Dominion’s political power was on full display earlier this year when the General Assembly passed, and Democratic Gov. Terry McAuliffe signed into law, a major revision of how Virginia regulates electric utilities. The measure suspends until 2022 biennial reviews of Dominion’s base rates. The company said it provides a “needed transition period” while Virginia sorts out how to deal with new federal pollution rules.
Critics, including Democratic Attorney General Mark Herring, said the legislation could let Dominion charge excessive rates unchallenged. An expert witness for Herring told the SCC that Dominion’s rates are currently too high by about $630,000 a day, while SCC staff said the figure was about $860,000 a day.
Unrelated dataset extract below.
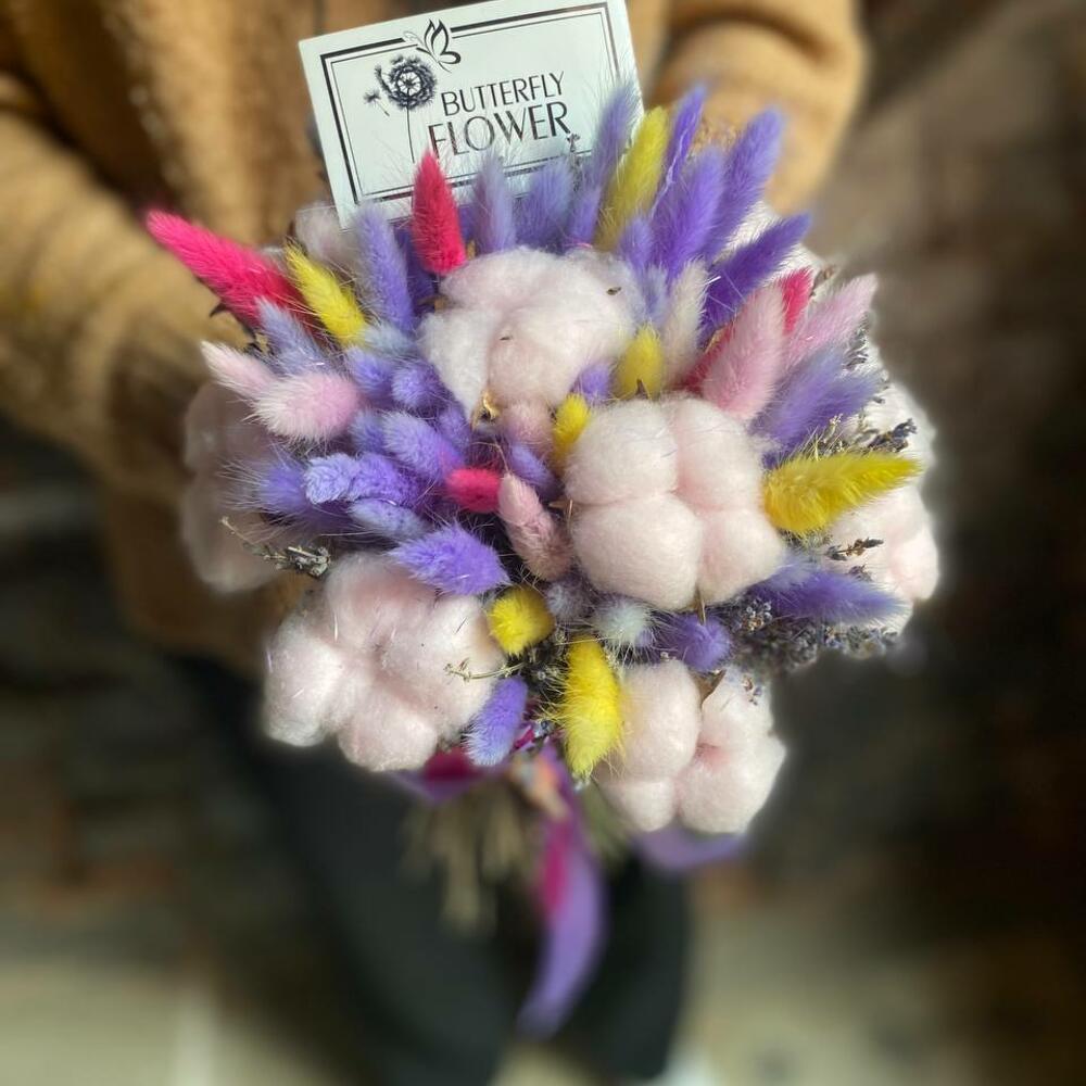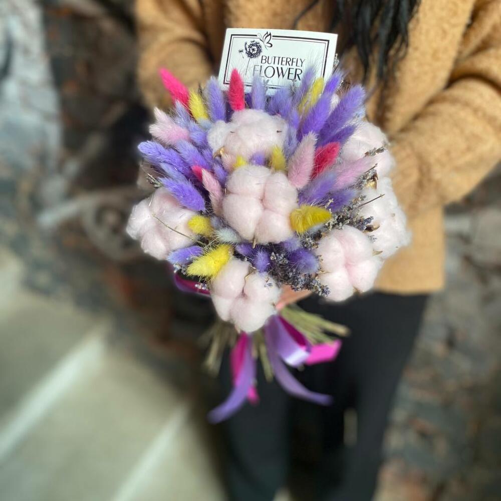 Букет из сухоцветов – лагуруса, лаванды и хлопка «Радуга в облаках»

Dominion disputes both figures.
“Really, I think the bill was ludicrous,” said Clint Miller, a former Republican lawmaker and SCC commissioner. “But because of (Dominion’s) political clout they got it through.”
Del. Terry Kilgore, the Republican head of the powerful House Commerce and Labor Committee, helped usher the bill through the House of Delegates.
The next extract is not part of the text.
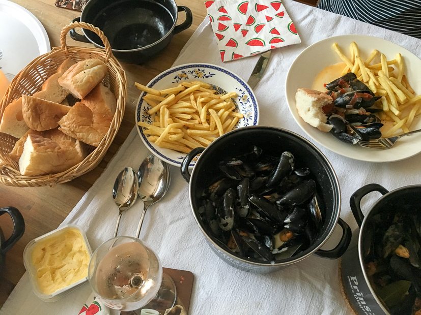 Johan kookt vanavond. Hij maakt twee bereidingen mosselen: een pannetje met chorizo en tomaat en een pannetje met romige roquefortsaus. Haha, drie keer raden wat mijn favoriet is!

Customers paid $4,000 of a $10,000 gift Dominion gave to the Appalachian College of Pharmacy in 2012. Kilgore is a fundraiser for the school with $126,000 annual salary in recent years, tax records show.
Kilgore said Dominion’s donation aimed to help the community, not curry his favor.
“Dominion is a giving company,” said Kilgore, whose largest campaign contributor is Dominion. “They give a lot.”
The Peninsula Council for Workforce Development, where Democratic Del. Matthew James is the CEO, gets regular Dominion donations. Dominion is currently seeking approval to pass the cost of a $7,500 donation to the group to its customers. The money paid for a workforce development seminar by The Walt Disney Co.
Earlier this year, James sponsored legislation at Dominion’s request that mirrored part of the larger rate review freeze legislation. Dominion is also James’ biggest campaign donor.
James said Dominion was one of several corporate members of his group and the donations don’t affect his role as a delegate.
“That’s my day job. And it has nothing to do with the General Assembly,” James said.
Bond, the Dominion executive, said political connections don’t factor into the company’s giving.
“Who is on the payroll is not part of the equation when we are evaluating where grant money goes,” she said.
A diverse mix of nonprofits and trade groups that received customer-subsidized donations, including the Virginia chapter of the NAACP and the Virginia Chamber of Commerce, also testified in support of Dominion’s rate-freeze bill.
Dominion’s $25,000 donation accounted for more than 10 percent of the Virginia Hispanic Chamber of Commerce’s income in 2013, tax records show. Michel Zajur, the chamber’s CEO, said his group supported the bill on its merits.
State regulators don’t let Dominion bill consumers for lobbying costs, but some customer-subsidized donations went to a group that shares lobbying ties with the company.
In 2012, Dominion gave $40,000 to the Virginia Alliance for Tort Reform, a short-lived group that lobbied for business-friendly legal reform. The SCC let Dominion pass $16,000 of that onto customers. One Alliance lobbyist, Bill Thomas, is a longtime Dominion lobbyist.
Neither Thomas nor W. Heywood Fralin, a businessman who organized the Alliance, returned calls seeking comment.
State regulators will decide later this year what 2013 and 2014 Dominion contributions can be passed to customers. After that, thanks to the rate freeze legislation, the company will not have to justify its ratepayer-subsidized charitable spending to regulators for the next seven years.